Comment 21 xiagao 2020-08-17 07:16:14 UTC
Hi Yuri,
For netkvm sirov, there are new files in virtio-win-prewhql-189, they are vioprot.inf and vioprot.cat.
I'd like to confirm two things with you.

1. Do we need to do whql certification against these drivers?
2. How to use these two files?

Thanks,
Xiaoling

Comment 22 xiagao 2020-08-26 07:28:46 UTC
Test version: virtio-win-prewhql-189
Netkvm whql test and function test all passed.

So change the status to verified.

Comment 24 ybendito 2020-09-08 07:02:53 UTC
The ISO layout looks OK

Comment 27 Peixiu Hou 2020-10-16 02:31:15 UTC
(In reply to ybendito from comment #0)
> Feature request: virtio-net acts as backup device for SRIOV VF in Windows

Hi Yuri,

About this new feature, I have follow questions:

1. for comment#0 "virtio-net acts as backup device for SRIOV VF in Windows", how to test it in windows guest?

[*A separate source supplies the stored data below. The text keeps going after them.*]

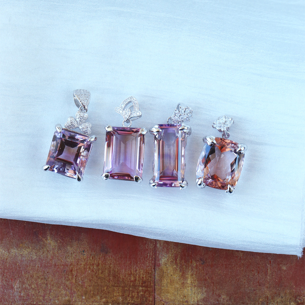 天然紫黄晶纯银镶嵌吊坠戒指 紫黄同体 女款彩宝水晶吊坠饰品 - 怡庆楼朱砂水晶批发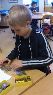 Talen stod på lappar och det gällde att, med pengar, visa att man visste vad siffrorna i talet stod för.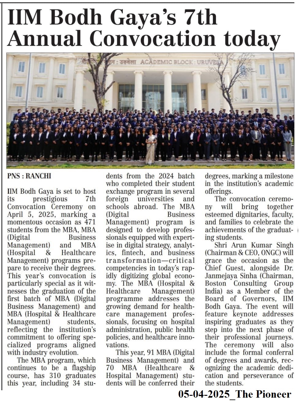 Convocation, 7th Annual Convocation, Convocation 2025, Dr. Vinita S. Sahay- Director of IIM Bodh Gaya, Dr. Janmejaya Sinha- Chairman of Boston Consulting Group (India), Mr. Arun Kumar Singh- Chairman and CEO of ONGC

I tried boot up a guest with a virtio-net-pci device and a vfio-pci(SRIOV VF) device, tested on win10 guest.
The qumu command line as:
-netdev tap,id=hostnet0,vhost=on \
-device virtio-net-pci,netdev=hostnet0,id=net0,mac=22:2b:62:bb:a9:84,bus=root.3,failover=on \
-device vfio-pci,host=0000:04:0a.1,id=hostdev1,bus=root.4,failover_pair_id=net0 \

And in guest, run "netcfg -v -l vioprot.inf -c p -i VIOPROT" command success, used virtio-win-prewhql-189 version.

Check network adapter, both can obtain ip address, and can ping externel ip adress.

But what need to do next(if my upper steps correct)? it's sorry that I don't know how to verify virtio-net acts as backup device for SRIOV VF in Windows.

2. What's the function about vioprot? Is it works together with netkvm driver?

3. For this new feature? which test points need to be covered in my future test? 

Thanks a lot~
Peixiu

Comment 28 Peixiu Hou 2020-10-16 02:44:56 UTC
Tested with Intel Corporation Ethernet Controller XL710 device:

[root@dell-per730-28 ~]# lspci | grep -i xl710
04:00.0 Ethernet controller: Intel Corporation Ethernet Controller XL710 for 40GbE QSFP+ (rev 02)
04:00.1 Ethernet controller: Intel Corporation Ethernet Controller XL710 for 40GbE QSFP+ (rev 02)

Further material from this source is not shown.